-- Your objective --
Under this line are the records; repeat exactly the lines starting at the one containing "Новогодние пневмофигуры просты" and ending at the one containing "Настенный излив для", omitting pictures.
Data shown: Begin
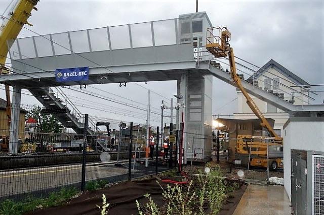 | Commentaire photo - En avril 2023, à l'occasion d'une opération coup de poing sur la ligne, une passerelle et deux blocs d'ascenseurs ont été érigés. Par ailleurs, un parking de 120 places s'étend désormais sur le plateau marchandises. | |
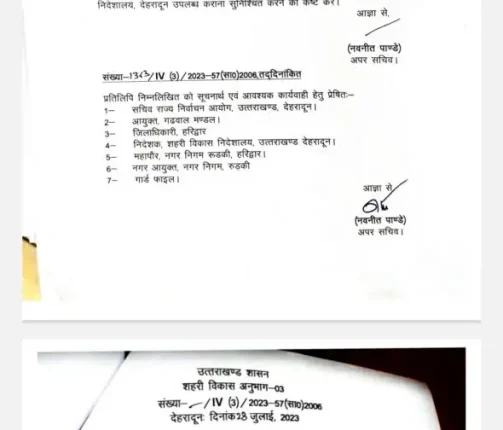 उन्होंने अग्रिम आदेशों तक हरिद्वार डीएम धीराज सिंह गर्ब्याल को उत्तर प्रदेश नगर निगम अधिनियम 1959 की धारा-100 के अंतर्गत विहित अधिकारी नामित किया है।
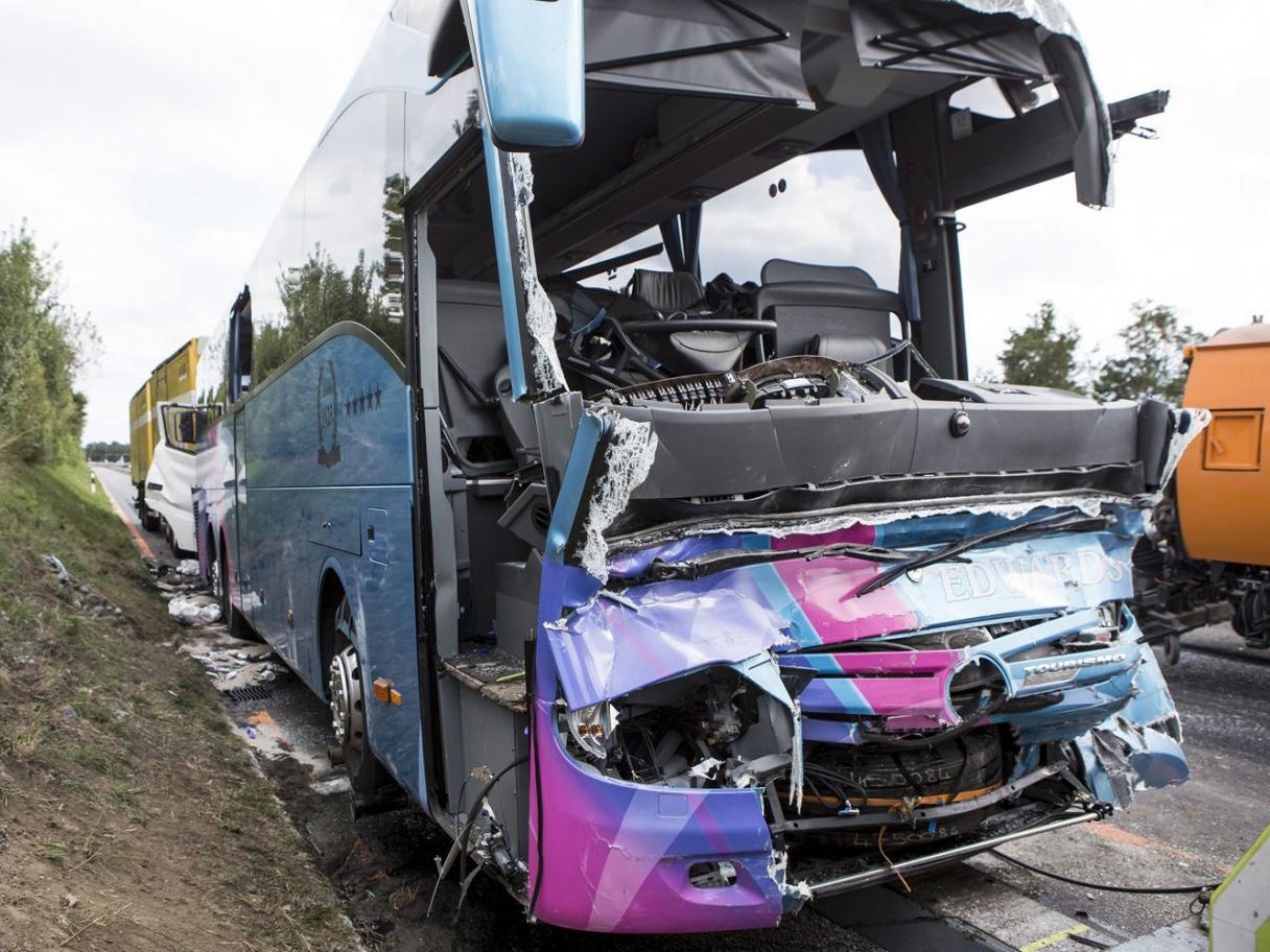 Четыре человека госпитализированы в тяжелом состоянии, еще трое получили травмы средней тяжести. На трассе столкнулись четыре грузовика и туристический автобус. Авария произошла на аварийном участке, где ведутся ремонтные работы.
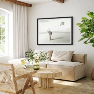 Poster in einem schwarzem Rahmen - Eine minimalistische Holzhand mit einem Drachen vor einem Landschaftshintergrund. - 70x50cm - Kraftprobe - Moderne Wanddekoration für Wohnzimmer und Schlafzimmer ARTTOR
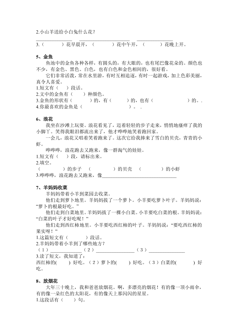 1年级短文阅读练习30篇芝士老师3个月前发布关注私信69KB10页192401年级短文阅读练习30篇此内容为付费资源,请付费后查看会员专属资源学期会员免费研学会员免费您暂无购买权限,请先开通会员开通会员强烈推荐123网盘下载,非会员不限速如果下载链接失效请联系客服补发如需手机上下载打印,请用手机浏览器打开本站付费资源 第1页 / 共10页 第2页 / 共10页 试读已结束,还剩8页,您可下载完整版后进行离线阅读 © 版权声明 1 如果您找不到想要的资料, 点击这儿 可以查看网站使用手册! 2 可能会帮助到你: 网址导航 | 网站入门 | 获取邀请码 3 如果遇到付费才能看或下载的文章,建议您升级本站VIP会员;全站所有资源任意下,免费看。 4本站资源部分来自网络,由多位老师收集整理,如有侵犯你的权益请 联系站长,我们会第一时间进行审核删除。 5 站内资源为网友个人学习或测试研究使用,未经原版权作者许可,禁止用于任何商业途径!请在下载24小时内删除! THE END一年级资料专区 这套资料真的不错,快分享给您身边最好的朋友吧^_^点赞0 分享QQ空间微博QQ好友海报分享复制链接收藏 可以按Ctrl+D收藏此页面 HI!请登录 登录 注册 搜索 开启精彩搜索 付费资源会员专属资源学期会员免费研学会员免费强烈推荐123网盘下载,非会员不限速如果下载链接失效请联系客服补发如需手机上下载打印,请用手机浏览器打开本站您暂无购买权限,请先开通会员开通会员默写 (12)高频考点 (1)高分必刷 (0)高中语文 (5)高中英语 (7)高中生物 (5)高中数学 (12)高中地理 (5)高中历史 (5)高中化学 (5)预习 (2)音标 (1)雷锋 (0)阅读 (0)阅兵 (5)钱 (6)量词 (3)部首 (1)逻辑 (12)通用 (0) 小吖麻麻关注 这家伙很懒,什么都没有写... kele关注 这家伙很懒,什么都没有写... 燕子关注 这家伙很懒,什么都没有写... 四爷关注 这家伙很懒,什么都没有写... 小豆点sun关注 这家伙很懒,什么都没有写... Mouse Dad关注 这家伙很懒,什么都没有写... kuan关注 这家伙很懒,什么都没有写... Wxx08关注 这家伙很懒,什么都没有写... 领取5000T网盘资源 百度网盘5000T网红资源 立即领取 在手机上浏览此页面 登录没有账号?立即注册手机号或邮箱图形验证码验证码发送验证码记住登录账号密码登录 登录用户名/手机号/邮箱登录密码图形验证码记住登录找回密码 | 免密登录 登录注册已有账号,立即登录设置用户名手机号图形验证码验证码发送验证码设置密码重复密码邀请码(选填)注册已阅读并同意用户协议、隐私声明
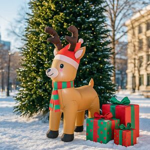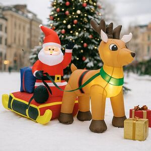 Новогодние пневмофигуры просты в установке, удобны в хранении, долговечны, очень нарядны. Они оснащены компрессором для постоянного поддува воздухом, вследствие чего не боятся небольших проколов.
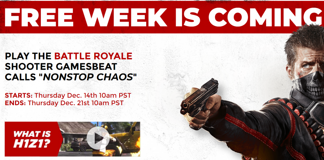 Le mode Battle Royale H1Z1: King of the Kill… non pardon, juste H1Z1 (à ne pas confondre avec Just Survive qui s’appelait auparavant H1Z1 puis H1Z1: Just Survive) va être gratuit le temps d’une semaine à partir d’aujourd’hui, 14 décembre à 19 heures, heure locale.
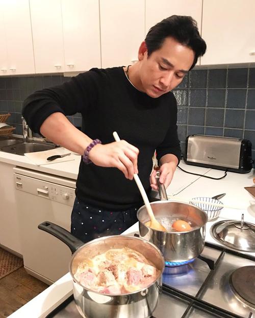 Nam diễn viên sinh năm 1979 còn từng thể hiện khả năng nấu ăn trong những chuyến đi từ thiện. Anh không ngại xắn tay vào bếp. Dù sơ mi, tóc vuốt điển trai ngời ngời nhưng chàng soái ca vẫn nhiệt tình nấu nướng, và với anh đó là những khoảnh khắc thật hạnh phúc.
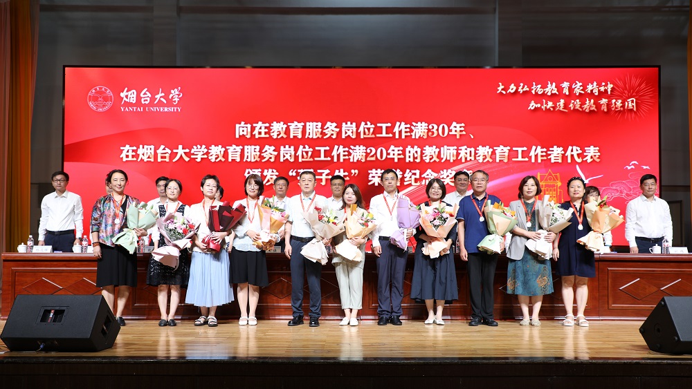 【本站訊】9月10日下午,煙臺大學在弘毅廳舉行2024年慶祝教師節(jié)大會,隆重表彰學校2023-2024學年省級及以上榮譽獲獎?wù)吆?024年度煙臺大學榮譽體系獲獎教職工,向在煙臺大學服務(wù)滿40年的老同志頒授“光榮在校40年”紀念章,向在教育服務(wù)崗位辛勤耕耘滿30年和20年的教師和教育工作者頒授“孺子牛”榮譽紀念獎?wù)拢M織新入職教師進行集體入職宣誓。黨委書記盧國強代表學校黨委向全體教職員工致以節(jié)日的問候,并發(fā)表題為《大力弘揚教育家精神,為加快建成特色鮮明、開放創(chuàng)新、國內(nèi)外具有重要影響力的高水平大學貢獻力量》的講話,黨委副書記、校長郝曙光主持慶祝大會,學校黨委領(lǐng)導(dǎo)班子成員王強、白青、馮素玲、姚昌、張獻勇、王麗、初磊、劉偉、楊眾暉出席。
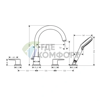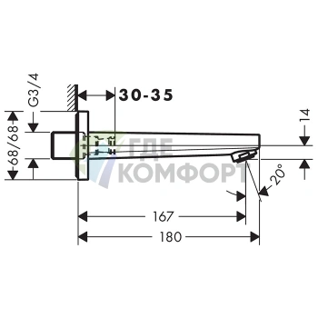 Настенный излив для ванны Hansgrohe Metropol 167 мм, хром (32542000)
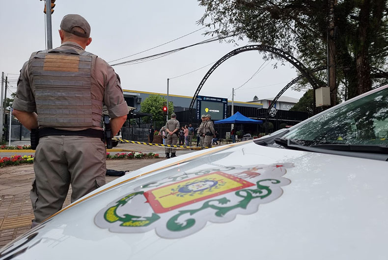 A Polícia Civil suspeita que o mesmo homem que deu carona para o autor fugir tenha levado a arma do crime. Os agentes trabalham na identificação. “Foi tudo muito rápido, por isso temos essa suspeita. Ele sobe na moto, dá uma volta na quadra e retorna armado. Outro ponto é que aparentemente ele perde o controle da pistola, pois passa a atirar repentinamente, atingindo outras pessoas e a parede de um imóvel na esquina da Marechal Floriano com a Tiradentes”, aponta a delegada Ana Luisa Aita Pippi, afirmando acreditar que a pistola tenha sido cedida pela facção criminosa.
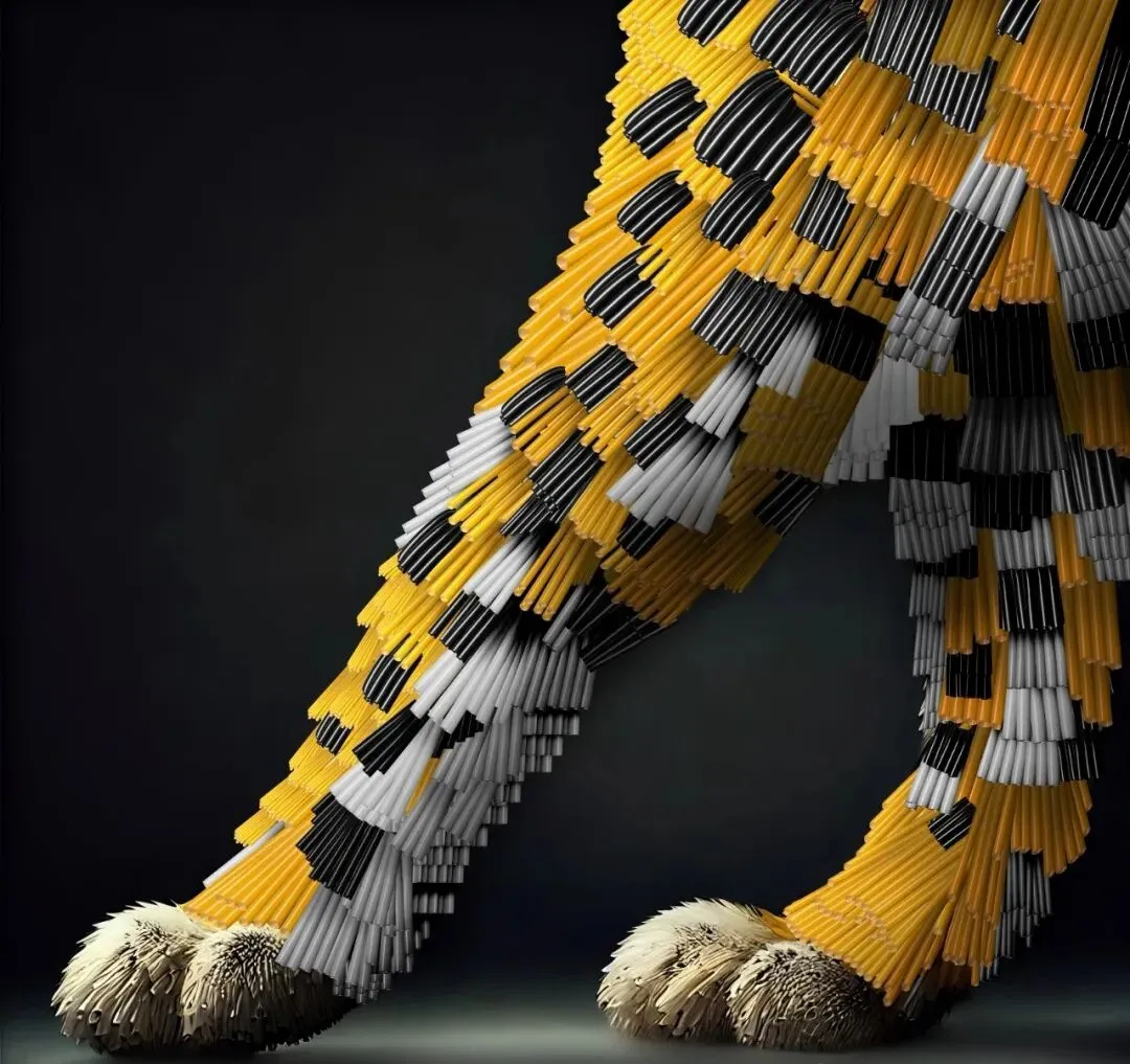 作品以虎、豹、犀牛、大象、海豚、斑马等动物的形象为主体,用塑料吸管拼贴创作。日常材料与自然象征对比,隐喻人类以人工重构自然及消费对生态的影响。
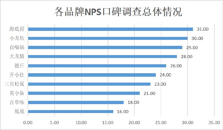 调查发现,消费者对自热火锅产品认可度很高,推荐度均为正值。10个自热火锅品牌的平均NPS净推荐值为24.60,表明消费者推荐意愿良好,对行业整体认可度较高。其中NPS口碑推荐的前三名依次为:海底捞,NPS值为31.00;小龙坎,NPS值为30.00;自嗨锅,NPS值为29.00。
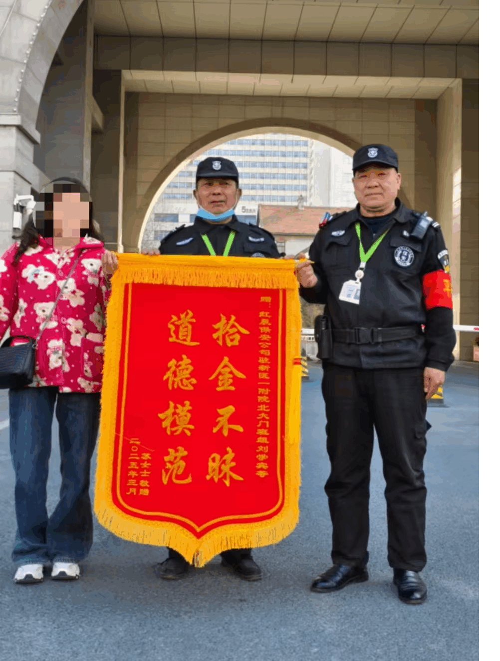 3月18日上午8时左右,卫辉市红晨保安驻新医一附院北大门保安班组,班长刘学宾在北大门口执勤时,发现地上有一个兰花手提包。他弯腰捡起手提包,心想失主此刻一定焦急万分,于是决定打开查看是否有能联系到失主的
Data shown: End
-- Answer to this exercise --
 Новогодние пневмофигуры просты в установке, удобны в хранении, долговечны, очень нарядны. Они оснащены компрессором для постоянного поддува воздухом, вследствие чего не боятся небольших проколов.
 Le mode Battle Royale H1Z1: King of the Kill… non pardon, juste H1Z1 (à ne pas confondre avec Just Survive qui s’appelait auparavant H1Z1 puis H1Z1: Just Survive) va être gratuit le temps d’une semaine à partir d’aujourd’hui, 14 décembre à 19 heures, heure locale.
 Nam diễn viên sinh năm 1979 còn từng thể hiện khả năng nấu ăn trong những chuyến đi từ thiện. Anh không ngại xắn tay vào bếp. Dù sơ mi, tóc vuốt điển trai ngời ngời nhưng chàng soái ca vẫn nhiệt tình nấu nướng, và với anh đó là những khoảnh khắc thật hạnh phúc.
 【本站訊】9月10日下午,煙臺大學在弘毅廳舉行2024年慶祝教師節(jié)大會,隆重表彰學校2023-2024學年省級及以上榮譽獲獎?wù)吆?024年度煙臺大學榮譽體系獲獎教職工,向在煙臺大學服務(wù)滿40年的老同志頒授“光榮在校40年”紀念章,向在教育服務(wù)崗位辛勤耕耘滿30年和20年的教師和教育工作者頒授“孺子牛”榮譽紀念獎?wù)拢M織新入職教師進行集體入職宣誓。黨委書記盧國強代表學校黨委向全體教職員工致以節(jié)日的問候,并發(fā)表題為《大力弘揚教育家精神,為加快建成特色鮮明、開放創(chuàng)新、國內(nèi)外具有重要影響力的高水平大學貢獻力量》的講話,黨委副書記、校長郝曙光主持慶祝大會,學校黨委領(lǐng)導(dǎo)班子成員王強、白青、馮素玲、姚昌、張獻勇、王麗、初磊、劉偉、楊眾暉出席。
 Настенный излив для ванны Hansgrohe Metropol 167 мм, хром (32542000)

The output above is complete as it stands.